Литмир - Электронная Библиотека
Содержание  
A
A

— Эко чего помянул. Сегодня в чести, а завтра — свиней пасти.

— Уходи, подлый переметчик! — вскипел Третьяк Федорович.

— Я-то уйду и поживу еще, слава Богу. А вот тебя, дурака, ждет казнь лютая. Одумайся!

— Честь дороже смерти, — твердо молвил Сеитов и плюнул предателю в лицо.

Самозванец не отважился казнить Сеитова прилюдно. Ночью его тайно вывезли в лес и изрубили саблями.

Град Ярославль (СИ) - i_003.png

Глава 7

ОТШЕЛЬНИК

Вечор. Желтый огонек сальной свечи в медном шандане кидал трепетные блики на бревенчатые стены. За столом сидели Анисим с Евстафием. Толковали:

— Зело худые времена приспели, сыне. Чует сердца, хлебнем еще горюшка.

— Худые, Евстафий. Сколь людей из Ростова набежало. Ох, и выпало им!

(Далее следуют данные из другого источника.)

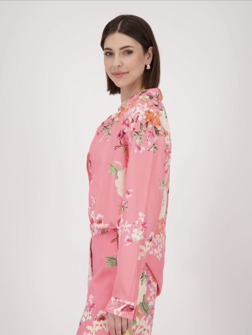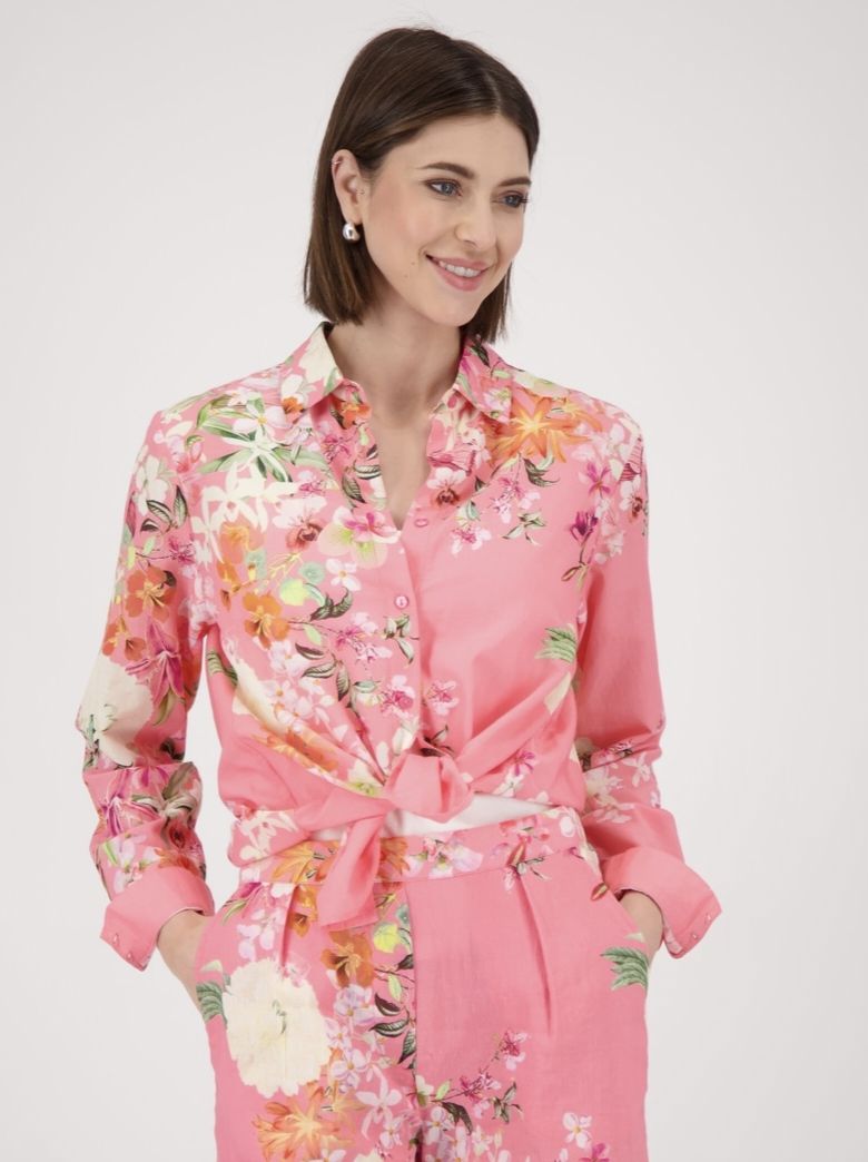 Эта красивая блузка немецкого бренда Monari изготовлена из высококачественной смеси хлопка и модала и украшена романтичным цветочным принтом.

От города-то, чу, остались одни головешки.

— Ляхи — чисто ордынцы. Даже малых чад не пощадили, изуверы.

— Истинно. Собор Успения разграбили, золотые и серебряные ризы с икон ободрали. И другие храмы осквернили, святотатцы!

С лавки послышался негромкий протяжный стон.

— Никак, очнулся.

Евстафий шагнул к лавке и склонился над Первушкой.

— Как ты, сыне?

Первушка, не раскрывая глаз, глухо, невнятно пробормотал:

— Камень…Храм Покрова… Камень…

— Сызнова бредит, — вздохнул Евстафий. — Помоги ему, Господи.

Скитник Евстафий появился во дворе Анисима три недели назад. Не распознал его торговец рыбы. Перед ним стоял глубокий старец в ветхом рубище, заросший длинной серебряной бородищей.

— Здрав буде, сыне Анисим.

— И ты будь здрав, старче… Не ведаю тебя.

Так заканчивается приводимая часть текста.